* **Exercise instructions**: As soon as the line containing "Publicações em diversos" appears in the material below, start returning lines exactly, and end with the line containing "Пазы в корпусе".

* **Dataset content**:

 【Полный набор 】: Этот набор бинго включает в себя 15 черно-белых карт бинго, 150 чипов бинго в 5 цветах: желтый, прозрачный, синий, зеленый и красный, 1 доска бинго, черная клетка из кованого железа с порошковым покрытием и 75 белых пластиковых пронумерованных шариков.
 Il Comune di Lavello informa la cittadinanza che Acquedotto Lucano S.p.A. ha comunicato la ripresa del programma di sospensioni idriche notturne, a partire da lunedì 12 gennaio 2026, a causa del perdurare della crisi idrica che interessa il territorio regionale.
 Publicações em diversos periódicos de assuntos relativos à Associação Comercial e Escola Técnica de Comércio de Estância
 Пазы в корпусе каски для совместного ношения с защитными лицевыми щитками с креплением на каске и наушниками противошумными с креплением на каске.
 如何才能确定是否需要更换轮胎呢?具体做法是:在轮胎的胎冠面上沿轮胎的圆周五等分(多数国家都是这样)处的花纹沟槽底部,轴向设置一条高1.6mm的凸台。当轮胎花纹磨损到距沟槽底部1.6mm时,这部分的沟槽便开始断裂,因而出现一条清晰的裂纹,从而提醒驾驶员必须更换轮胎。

==

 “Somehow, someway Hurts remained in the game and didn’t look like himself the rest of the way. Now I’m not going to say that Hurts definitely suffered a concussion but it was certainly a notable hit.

* * *

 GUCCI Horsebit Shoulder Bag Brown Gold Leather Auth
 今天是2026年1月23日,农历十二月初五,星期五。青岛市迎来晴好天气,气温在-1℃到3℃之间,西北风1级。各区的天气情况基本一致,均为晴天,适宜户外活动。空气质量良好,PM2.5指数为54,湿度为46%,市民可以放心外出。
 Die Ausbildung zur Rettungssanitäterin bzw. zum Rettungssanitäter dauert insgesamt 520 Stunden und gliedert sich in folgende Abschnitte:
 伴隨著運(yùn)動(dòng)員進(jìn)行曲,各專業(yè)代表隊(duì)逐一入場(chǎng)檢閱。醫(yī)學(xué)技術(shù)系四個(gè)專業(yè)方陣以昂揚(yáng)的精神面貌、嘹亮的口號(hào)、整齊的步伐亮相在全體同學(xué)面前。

* **Answer space**:
 Publicações em diversos periódicos de assuntos relativos à Associação Comercial e Escola Técnica de Comércio de Estância
 Пазы в корпусе каски для совместного ношения с защитными лицевыми щитками с креплением на каске и наушниками противошумными с креплением на каске.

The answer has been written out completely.